French Royal Army officer and nobleman

François de Neufville, 2nd Duke of Villeroy (7 April 1644 – 18 July 1730) was a French Royal Army officer and nobleman. He was involved in a number of military losses such as the Siege of Namur (1695), the Battle of Chiari in 1701, and the Battle of Ramillies in 1706. He was also responsible for the Bombardment of Brussels in 1695.

He was head of the royal Council of Finances and ministre of State under Louis XIV (1714), then head of the Conseil de finances and a member of the Regency council (1715), and head of the Council of Commerce (1716). As an obstacle to the policies of the Regent and cardinal Dubois, he was exiled to Lyon from 1722 to 1724.

==Biography==

=== Family and early life ===
Villeroy was born in Lyon into noble family which had risen into prominence in the reign of Charles IX (1560 - 1574). His father Nicolas V de Neufville, Marquis of Villeroy, Marshal of France (1598–1685) was governor of the young King Louis XIV who later made him a duke.

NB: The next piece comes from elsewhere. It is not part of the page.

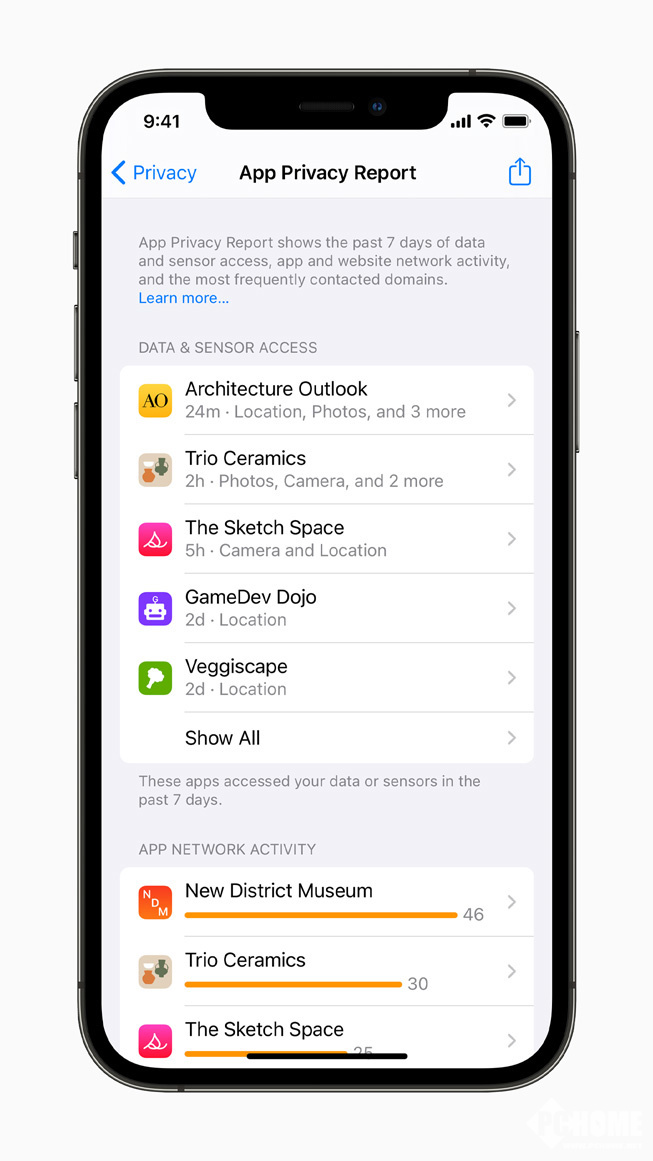 iOS 15 推出了更多的隐私控制选项来保护用户信息。通过设备端语音识别,Siri 请求的语音现默认完全在 iPhone 上处理 ,性能显著提升。邮件隐私保护让发件人无法得知收件人打开邮件的时间,并且隐藏了 IP 地址,所以发件人无法确认用户位置或用位置来建立用户档案。App 隐私报告概述了 App 如何使用过去七天内被授予的位置、照片、相机、麦克风和联系人访问权限,以及与哪些域名通信。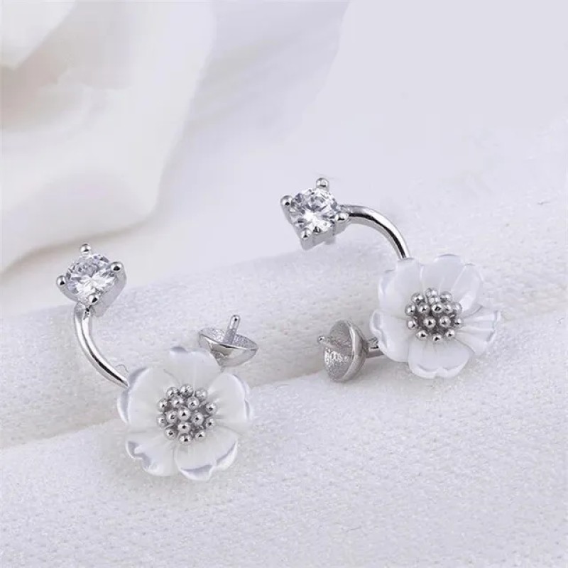 Earring Blank White Shell Flower Curved Earring Pearls Semi Mount 925 Sterling Silver Findings 5 Pairs

François was brought up in close relations with Louis XIV and became a member of his inner circle. As a young child, he played with the King and his younger brother the Prince Philippe in the Palais Royal (home of Louis XIV and his mother Anne of Austria) and the nearby Hôtel de Villeroy (the home of the young François de Villeroy and his father the governor Nicolas V de Villeroy, the historic Hôtel de Villeroy is a 500 m walk from the Palais-Royal on 34 rue des Bourdonnais or 9 rue des Déchargeurs). Even though Francois de Villeroy was six years younger than Louis XIV, they were friends, probably because the young Louis XIV enjoyed the role of protector to a younger child.

=== Career ===
In 1693, he was made Marshal of France. In 1695, when François-Henri de Montmorency, duc de Luxembourg died, he obtained the command of the army in Flanders (see War of the Grand Alliance). Villeroy was responsible for the bombardment of Brussels in 1695, which occasioned its reconstruction in the 18th century.

In 1701, Villeroy was sent to Italy to supersede Nicolas Catinat and was beaten by the army of Prince Eugene of Savoy at the Battle of Chiari (see War of the Spanish Succession). In February 1702 he was made prisoner at the Battle of Cremona.

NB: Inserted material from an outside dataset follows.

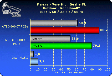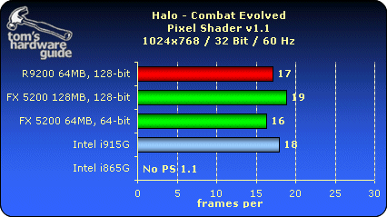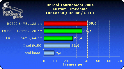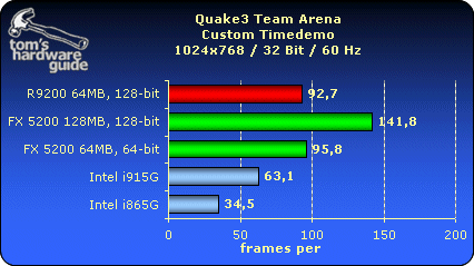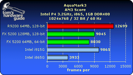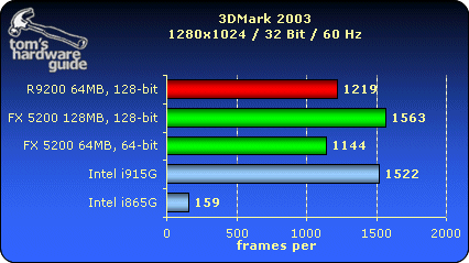 测试i915G整合芯片组的图形核心性能,对比采用了Radeon 9200、GF FX5200,Intel i865G的整合图形核心,测试成绩如下:
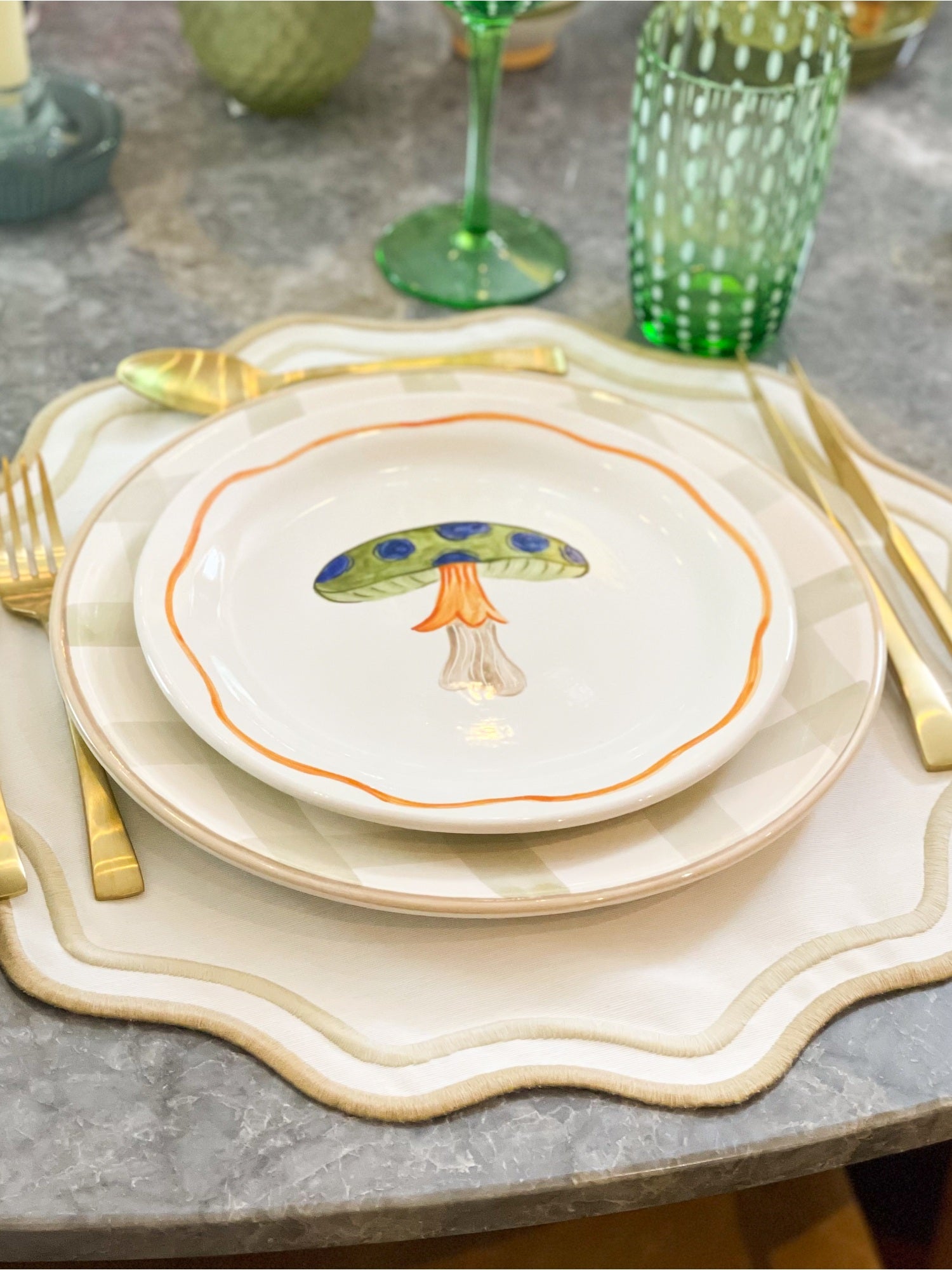 Para a mesa, pratos rasos em padronagem xadrez e pratos de sobremesa pintados em três variações, para usar tudo misturado e deixar a composição cheia de bossa e movimento!

=== Against Marlborough ===
In the following years he was pitted against John Churchill, 1st Duke of Marlborough in the Low Countries. Marlborough's own difficulties with the Dutch and other allied commissioners, rather than Villeroy's own skill, put off the inevitable disaster for some years, but in 1706 Marlborough attacked him and thoroughly defeated him at the Battle of Ramillies.

=== After Ramillies ===
Louis consoled his old friend with this remark: "At our age, one is no longer lucky". However, Louis superseded Villeroy in the command, and Villeroy lived the life of a courtier and, although suspected of being involved in plots, maintained his friendship with Louis. During this time, his secretary was Pierre-François Godard de Beauchamps.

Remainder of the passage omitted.